The election for sheriff in Mercer County has turned into a referendum on New Jersey’s costly tradition of double-dipping by public officials.
With a campaign slogan of “One Sheriff, One Paycheck,” Republican challenger David C. Jones is targeting the dual incomes of Democratic incumbent Jack Kemper.
“I believe double-dipping is wrong,” Jones told New Jersey Watchdog. “I think this is an important issue for everybody in the state.”
Jones said he’s ready to put his money where his mouth is. If elected, the retired State Police major pledged to stop collecting his $90,648 a year public pension while in office.
“I believe elected officials should be held to a higher standard,” Jones said.
Kemler did not respond to a request for comment.
What Mercer County decides in the November election could signal an end to a widespread practice.
Jones cited a New Jersey Watchdog investigation revealing 80 percent of sheriffs are double-dipping. In 17 of the state’s 21 counties, the sheriffs collect state pensions as law enforcement retirees in addition to their six-figure salaries.
Kemler retired as Mercer County undersheriff in January 2009. One month later, the county rehired Kemler as the sheriff’s chief warrant officer. He was appointed acting sheriff in 2010. The following year, he was elected sheriff.
The two undersheriffs hired by Kemler also are getting dual checks.
Undersheriffs Pedro Medina and James Freeman each pocket $116,733 a year in county pay.
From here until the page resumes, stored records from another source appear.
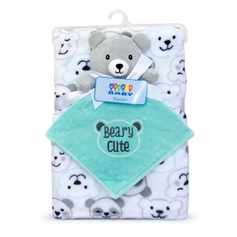 Conjunto de Manta Blanca con Panda y Osito Verde para Bebé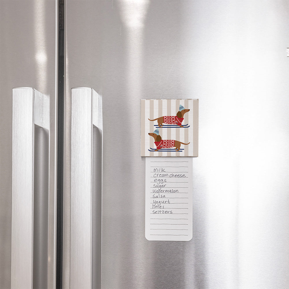 Crafted with attention to detail, this twine sign features a cute dachshund in a festive sweater and hat, gliding on skis. The vibrant colors and playful design make it a standout piece. Made from durable materials, this magnet is designed to last, ensuring it remains a favorite part of your seasonal decor. Ideal for gifting, it’s a unique addition to any dog lover's collection.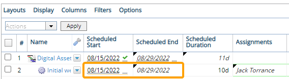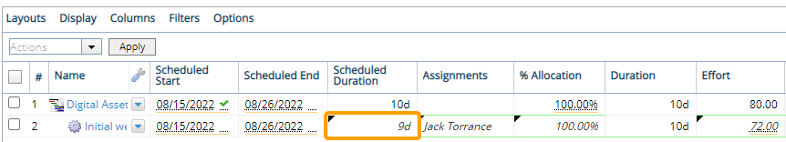 For example, imagine a Project Task that has a Scheduled Duration of 10 days (2 working weeks) from August 15th to 26th. This requires a total of 80 working hours across all 10 days. As we can see in the image above, Jack Torrance only has 72 available hours. This is because he has a personal day off on his own Resource Calendar separate from the Work's calendar. If we decide to add Jack anyway, we will see that the Project's duration will change to accommodate him: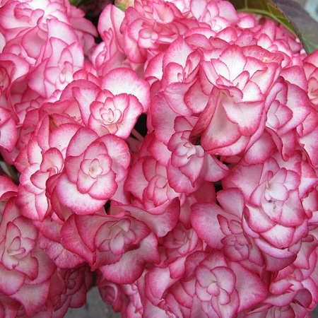 Куст высотой 60-90 см. Соцветия махровые, цветки крупные белые с розовой окантовкой. Сохраняет свою цветовую гамму независимо от кислотности почвы в которой посажен. Время декоративности весьма продолжительное, цветет с июня по сентябрь как на прошлогодних побегах, так и на побегах текущего года.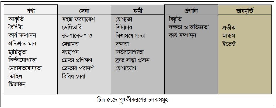 পৃথকীকরণের মাধ্যমে প্রতিষ্ঠান দীর্ঘদিন ধরে প্রতিযোগিতায় টিকে থাকতে পারে। বিপণনকারী সাধারণত পাঁচটি উপায়ে তার বিপণন অফারকে পৃথকীকরণ করে থাকে, যা চিত্র ৫.৫-এ দেখানো হলো ।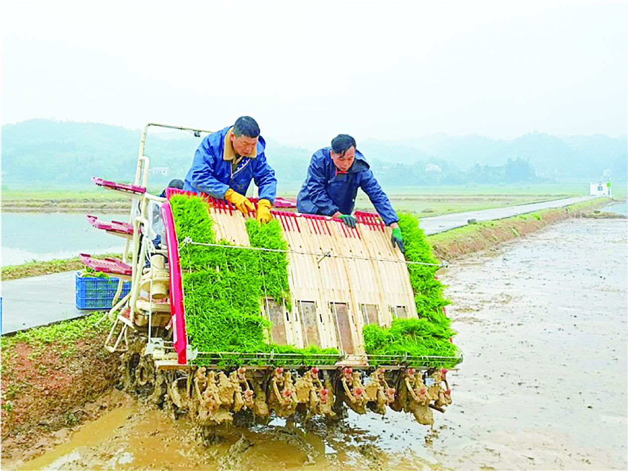 株洲日报讯(全媒体记者/邹怡敏 通讯员/王雨喧 郭璋) 4月6日下午,位于渌口区龙门镇果田村的柏连阳院士科研团队试验示范基地,村民驾驶插秧机在水田里来回穿梭,不到15分钟,嫩绿的秧苗就铺满了一块两亩多的农田。

In addition, Medina gets $78,024 a year from his public pension as a retired Trenton cop, and Freeman receives $42,768 a year as a Juvenile Justice Commission retiree.
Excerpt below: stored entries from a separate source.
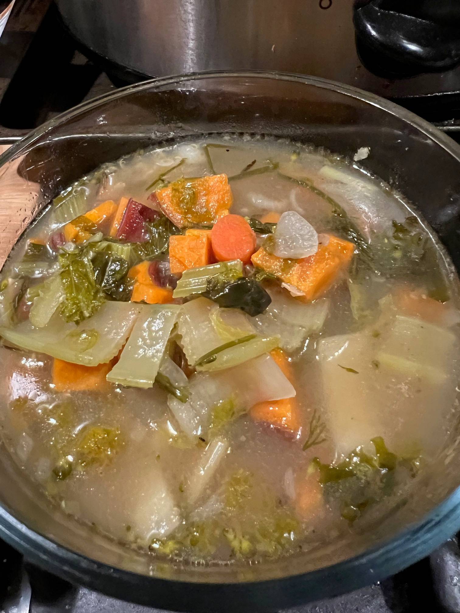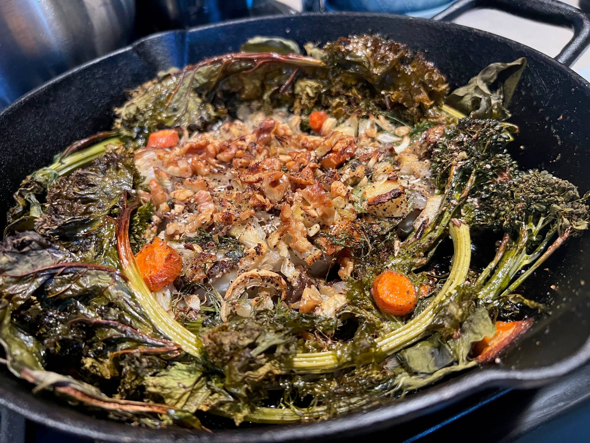 Organic ingredients: kale broccolini swiss chard bok choy carrots dill tarragon chives garlic scapes garlic cubed eggplant sliced onions 1 diced tomato ginger walnuts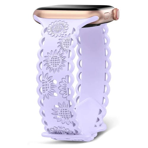 Para Apple Watch Series 7 Correa de Reloj de Silicona con Relieve de Girasol de Encaje de 41mm (Púrpura Lavanda)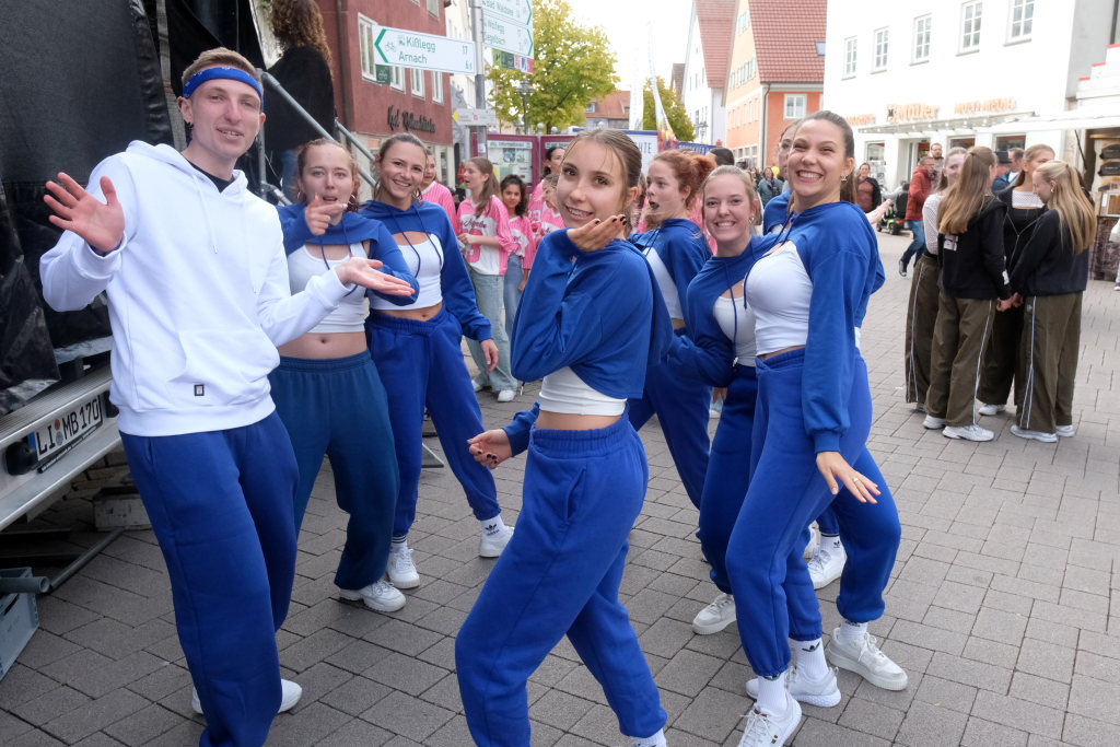 Lecker ging es weiter: Kaffee und vor allem ihre leckeren Kuchen machen den Stand der Landfrauen Bad Wurzach zu einem Muss-Besuch am verkaufsoffenen Sonntag. Weiter ging es auf dem Rundgang in der Markstraße, wo das Autohaus am Ried seine aktuelle Modellpalette präsentierte, zur Bühne am Rathaus. Nach dem Frühschoppen mit der Musikkapelle Eggmannsried, zu dem sich viele Besucher es sich an den Biertischgarnituren der Stadtkapelle, die beim Stadtbrunnen für die Bewirtung sorgte, bequem gemacht hatten, wurde die Bühne zur Tanzfläche: Die Youngsters und Teenies des SV Arnach präsentierten ihre neuesten „Move“.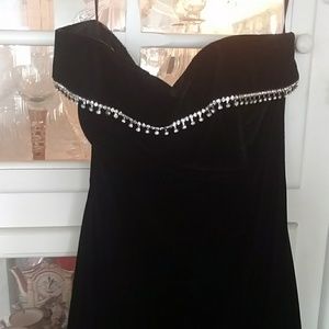 I really hate to part with this... beautiful black belt velvet/velour evening gown. Worn once to a Christmas party. It is strapless, pictures shown are straps to hang. Exquisite rhinetone detail. Very classy. There is one smudge on lower part of dress that I tried to photograph but is hard to show. I distinctly remember dropping some lotion I was applying to my arms and tried quickly to wipe off as I headed out the door. Not sure if it can be removed. I outgrew it and never tried.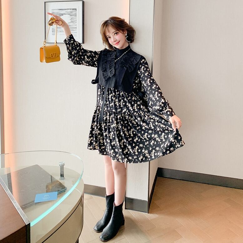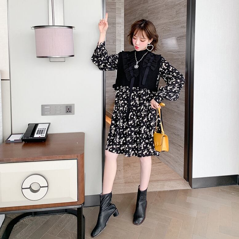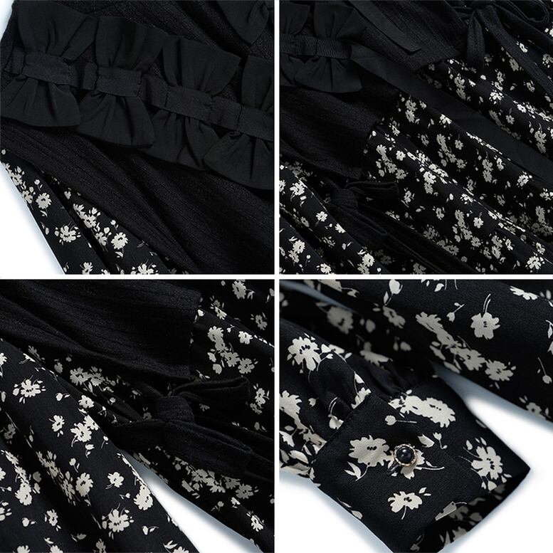 セットアップ ワンピースセットアップ レディース 2点セット 上下セット ツーピース 重ね着 レイヤード リボン付きニットベスト 花柄フレアワンピース ひざ丈 バルーンスリーブ 長袖 ショートベスト フェミニン 黒 ブラック 大人可愛い きれいめ 上品 エレガント フォーマル ガーリー ボタニカル フラワー 春 夏 秋 冬 二次会 お呼ばれ オフィス OL 通勤 学生 通学 デート お出かけ パーティー イベント 女子会 休日 体型カバー 普段使い 定番 トレンド オーバーサイズ ゆったり インスタ映え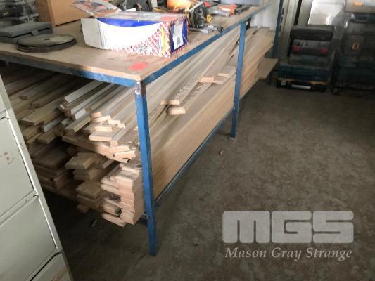 WORK BENCH, STEEL FRAME, PARTICLEBOARD TOP, 2400 x 1200mm & CONTENTS PARTICLEBOARD SHEETS

New Jersey Watchdog’s investigation last year also found 29 double-dipping undersheriffs.
Overall, the 46 sheriffs and undersheriffs received $8.3 million a year — $3.4 million in public retirement pay plus $4.9 million in salaries. On average, they raked in $181,033 a year — $107,145 in county pay and $73,888 from pension.
Jones promised neither he nor his undersheriffs would be double-dippers.
“If Mercer County voters are upset about double-dipping, they have a way of doing something about it,” said Jones. “They can make a statement.”